何しろこんなに「遊んで」しまった以上は、「ちゃんとした」直訳的な訳詞も併せて掲載しておかなければ、看板に傷がつくことになると思う。自分自身が10代の頃にCDの訳詞を読んでいて一番むかつかされたのは、訳詞の日本語と原文の歌詞の間に「対応関係」を見つけられないケースだった。翻訳した人間の趣味やら思い入れやらはどうでもいいから、歌それ自体がどういうことを歌っているかを「ちゃんと」知りたいというのが私自身の渇望だったし、そういう渇望を抱えてきた人は私だけではないはずだと思う。このブログの三枚看板の一枚目が「意訳はしない」になっているのは、そういう理由によっている。

とりあえずいつものように「歌詞の風景」を確認しておくならば、この歌はザ·フーのギタリストのピート·タウンゼントが当時の婚約者だったカレン·アストレイさんに対し、「ツアー中に浮気しやがったら承知しねえぞ」という気持ちを込めて、贈った曲なのだそうである。「贈った」と言うと言葉は美しいが、歌詞の内容はほとんど「脅迫」になってるとしか思えないわけで、カレンさんの方もよくまあこんなオドロオドロしい言葉を並べられて、婚約を考え直す気持ちにならなかったものだと思う。しかもピート自身は、ミュージシャンなら誰でもそうするようにと言えば身も蓋もないけれど、ツアー中は浮気しまくりんぐだったらしいし。それにも関わらず二人は翌年の68年に結婚し、2009年に離婚するまでは、仲良く暮らしていたらしい。もちろん本当に「仲良く」暮らしていたのかどうか私が知るはずはないのだけれど、とにかくこういうことはどう書いていいものなのか、私には全然わからない。

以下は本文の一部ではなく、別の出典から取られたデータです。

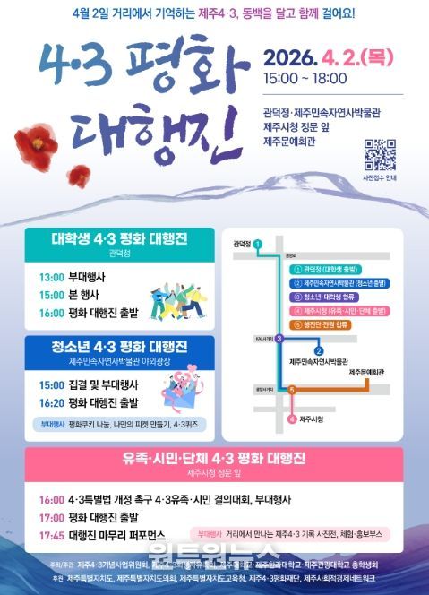 이번 대행진은 같은 날 저녁 제주문예회관에서 열리는 4·3 전야제와 연계해 진행된다. 참가 신청은 행사 포스터의 큐알(QR)코드 접속 또는 이메일을 통해 할 수 있으며, 문의는 ㈔제주4·3기념사업위원회로 하면 된다.
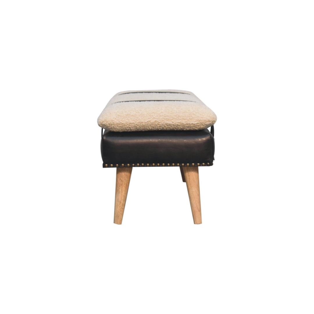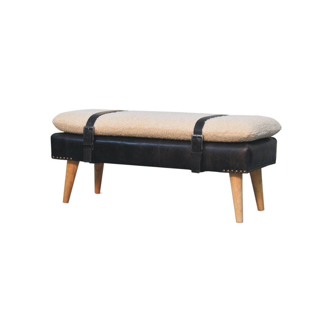 This Bouclé Buffalo Hide Black Leather Bench combines luxurious texture with durable craftsmanship. Featuring supple buffalo hide leather in a rich black finish, it offers both comfort and resilience. The bouclé upholstery adds a sophisticated tactile dimension, making it an elegant addition to any living space or entryway. Its sturdy construction ensures lasting support, while the sleek design complements modern and classic interiors alike. Ideal for seating or as a stylish accent piece, this bench balances refined aesthetics with practical functionality.

I know you've deceived me, now here's a surprise
あなたが私をだましたことを
私はちゃんと知っている。
ここに(あなたを)驚かせることがある。

I know that you have 'cause there's magic in my eyes
私は知っている。
あなたは(それを)やったのだ。
なぜなら私の両眼には
魔法が宿っているからだ

…「浮気しやがったら承知しねえぞ」と言うよりも、既に相手が「した前提」のもとに歌が始まっているわけなのだが、実際のところ、どうだったのだろうか。勘繰っても仕方ないのだけど。「ここに驚異がある」というその「驚異」の内容が、つまり「彼氏の目には魔法が宿っている」という事実であるということなのだろう。

そんなこんなでこの歌の邦題は「恋のマジック·アイ」と言うのだが、救いようもなくダサいと思うな。「恋のロマンティック大爆撃」からパクったようにしか思えない。…逆なのか。

I can see for miles and miles and miles and miles and miles

直訳は「私には何マイルも何マイルも何マイルも何マイルも(向こうまで)見えるのだからな」。アメリカでは今でもヤードポンド法が使われているけれど、イギリスではそれが60年代末にメートル法に切り替わったのだそうで、あと数年遅く出てたらこの曲も「キロメートルズキロメートルズ」になってたね。そうならなくてよかったね。というコメントが海外サイトに載っていた。「キロメートル」では「歌にならない」という感覚がイギリスにも存在していることは、何となく面白いことだと思う。なお、1マイルは約1.6km。そして私はいまだに「ヘクトパスカル」には馴染めていない。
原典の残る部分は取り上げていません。